This is a fun experimental project to hopefully produce a self-supervised model that trains faster that DINO.
For a supervised model to be successful, it must learn rich representations of the input to generate high-quality embeddings. These embeddings can then be used in tasks such as zero-shot classification or even object detection in the case of DINO.
This is a more conventional method of creating embeddings from the input data. It works by "compressing" and then "decompressing" the input. The reasoning goes that this forces the model to learn important features that are commonly represented, and to reconstruct the original image from the latent space efficiency.
The main drawback to this approach is that the embeddings it produces are normally quite large, and even if the sole purpose is to create the embeddings, you must train BOTH the encoder and the decoder.
Nonetheless, this method is widely used in image diffusion (both the encoder and decoder) as it serves to stabilize training by introducing pre-learned features. Other tasks such as zero-shot classification or object detection are infeasible due to the large latent variable, in combination with the high compute costs of the encoder.
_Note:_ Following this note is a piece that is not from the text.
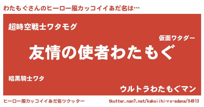 | 男性向けラノベタイトル風あだ名 | 『おまえをオタクにしてやるから、俺をわたもぐにしてくれ! 』 |

This SOTA technique learns rich representations by comparing the output embeddings from a local crops against a global crop. If the embeddings match, then the model has successfully learned to 'predict' the outer context of a local crop. However, this method, like an autoencoder, also requires two models: a student model for local crops, and a teacher model for global. It's also quite difficult to balance these two models while they are training as the embeddings must be distinct from each other while also not collapsing to zero; thus involving a lot of hyperparameters which must be fine-tuned for each dataset and each training environment. However, the biggest drawback is that you must create at least four model inferences: student local, student global, teacher local, teacher global, to perform a single stable iteration of DINO.
Unlike an autoencoder or DINO, this method only requires a single inference (and backpropagation) to iterate the model weights. Rather than relying on manually creating the local/global crops, we instead leverage fundamental properties of CNNs to generate local/global embeddings. We notice that each kernel output only views a limited context of it's size. By placing multiple convolutional layers on top of one another, we can expand its scope to create 'pseudo-local-crops'. As such, we can compare the output of each final kernel to the 'averaged global scope' without requiring a student/teacher pair like with DINO. Because of this, we drastically reduce the compute requirements while also maximizing the context given as we essentially produce a local crop per output node.
Note
I used music rather than vision because it's much easier to train on, yet it is still practical for everyday use.
As a very rough prototype, I trained my method on my own personal collection of songs (15k / 750 hours). Within only 30 minutes of training, I was able to generate useable embeddings to create clusters for my dataset while being completely unsupervised!.
As you can see, the T-SNE reduction clearly identifies prominent clusters. When I was manually exploring this data, each cluster was surprising well-defined with a specific genre or artist.
I mainly hope to show a proof of concept before moving into the vision domain to directly compete with DINO.